(Records drawn from a dataset)
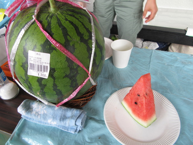 甘くておいしいスイカが山里市場で人気でした
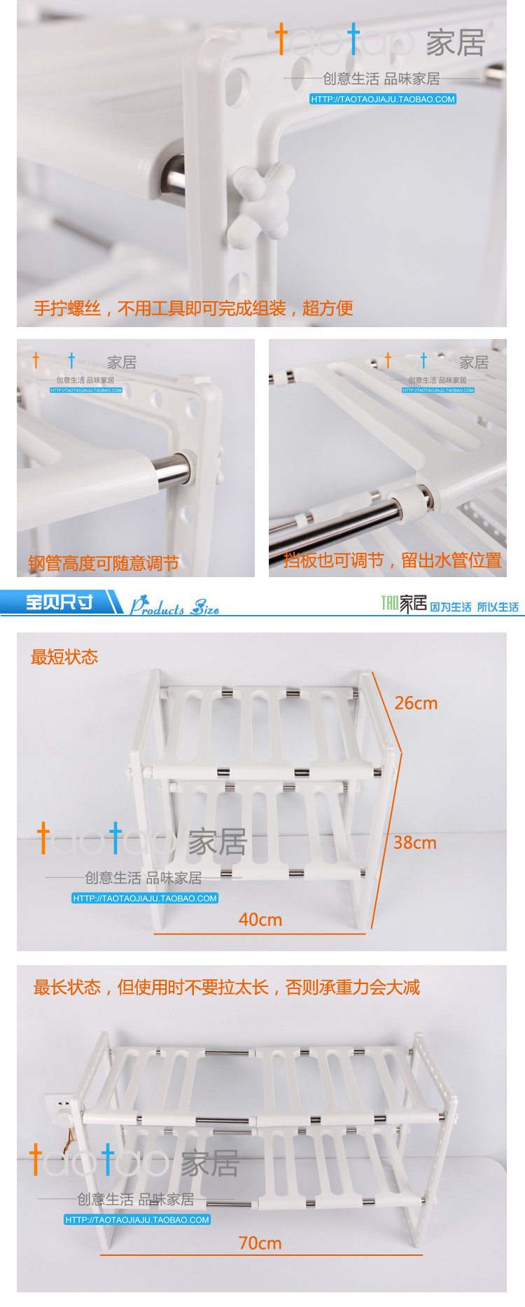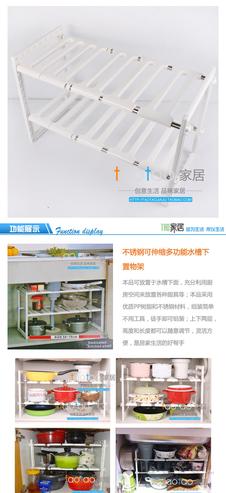 Overview: elegant appearance, compact and durable, capable of storing dishes and other kitchen debris. save space! Under the sink is installed to prevent the effective use of space, home storage is a good helper, it can also do other household items finishing shoe rack storage rack!
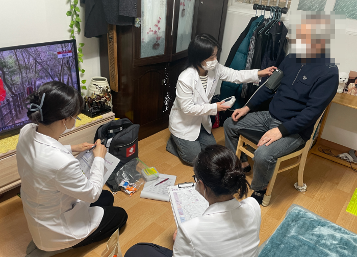 센터를 중심으로 의사·간호사·영양사·물리치료사로 구성된 다학제팀이 65살 이상 어르신 가정을 찾아간다. 이들은 혈압·혈당 측정뿐 아니라 영양·근력 평가, 복약 상태 점검 등 종합 평가를 거쳐 개인별 케어 플랜을 수립하고 3개월 동안 총 8회 무료 방문 서비스를 제공한다.
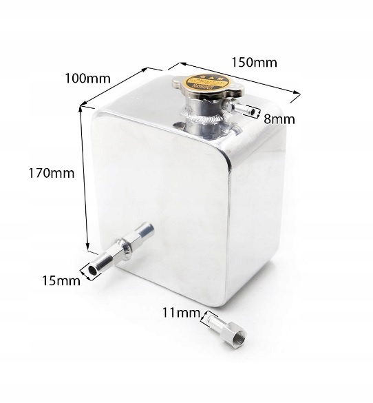 Uniwersalny zbiorniczek zbiornik wody lub wyrównawczy o pojemonści 2l. Aluminiowy lekki sportowy polerowany do uniwersalnego zastosowania.
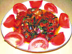8.收汁后,下葱粒、蒜粒同炒。将番茄块摆盘做装饰,排骨盛入盘内,即可食用。
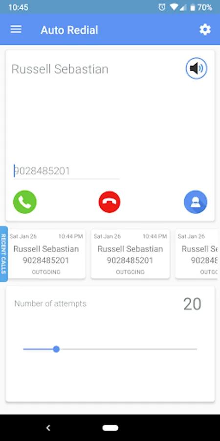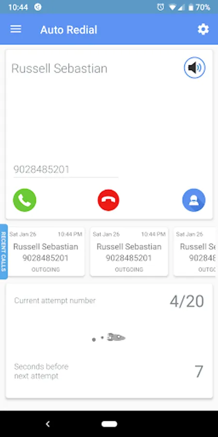The app stays true to its name by automatically redialing a number upto 101 times in a maximum of 2 clicks. Last incoming/outgoing number is automatically populated! In that case you're just 1 click away from redialing that number. Fetch a contact from your saved contacts or select one of the recent contacts to dial. Default settings are optimally selected so you won't have to spend any more time fiddling with them, unless you really want to.
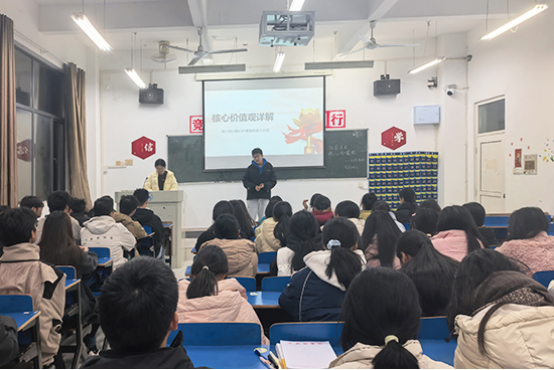活动伊始,同学们共同学习“三会两制一课”制度,明晰共青团组织生活基本规范。核心学习环节中,通过国家、社会、个人三个维度的系统解读,将“富强、民主”等价值目标与“爱国、敬业”等行为准则具象化,让抽象理念转化为可感知的实践方向。交流探讨中,大家聚焦核心价值观的时代传承,提出从传统文化汲取养分、借助现代科技赋能传播的思路。团支书呼吁大家以核心价值观为指引,在学思践悟中践行青春使命,为社会和谐发展贡献力量。

» **What is required**
Each entry above needs to be restated without a single word changed; skip the images.

» **Task answer**
 甘くておいしいスイカが山里市場で人気でした
 Overview: elegant appearance, compact and durable, capable of storing dishes and other kitchen debris. save space! Under the sink is installed to prevent the effective use of space, home storage is a good helper, it can also do other household items finishing shoe rack storage rack!
 센터를 중심으로 의사·간호사·영양사·물리치료사로 구성된 다학제팀이 65살 이상 어르신 가정을 찾아간다. 이들은 혈압·혈당 측정뿐 아니라 영양·근력 평가, 복약 상태 점검 등 종합 평가를 거쳐 개인별 케어 플랜을 수립하고 3개월 동안 총 8회 무료 방문 서비스를 제공한다.
 Uniwersalny zbiorniczek zbiornik wody lub wyrównawczy o pojemonści 2l. Aluminiowy lekki sportowy polerowany do uniwersalnego zastosowania.
8.收汁后,下葱粒、蒜粒同炒。将番茄块摆盘做装饰,排骨盛入盘内,即可食用。
The app stays true to its name by automatically redialing a number upto 101 times in a maximum of 2 clicks. Last incoming/outgoing number is automatically populated! In that case you're just 1 click away from redialing that number. Fetch a contact from your saved contacts or select one of the recent contacts to dial. Default settings are optimally selected so you won't have to spend any more time fiddling with them, unless you really want to.
活动伊始,同学们共同学习“三会两制一课”制度,明晰共青团组织生活基本规范。核心学习环节中,通过国家、社会、个人三个维度的系统解读,将“富强、民主”等价值目标与“爱国、敬业”等行为准则具象化,让抽象理念转化为可感知的实践方向。交流探讨中,大家聚焦核心价值观的时代传承,提出从传统文化汲取养分、借助现代科技赋能传播的思路。团支书呼吁大家以核心价值观为指引,在学思践悟中践行青春使命,为社会和谐发展贡献力量。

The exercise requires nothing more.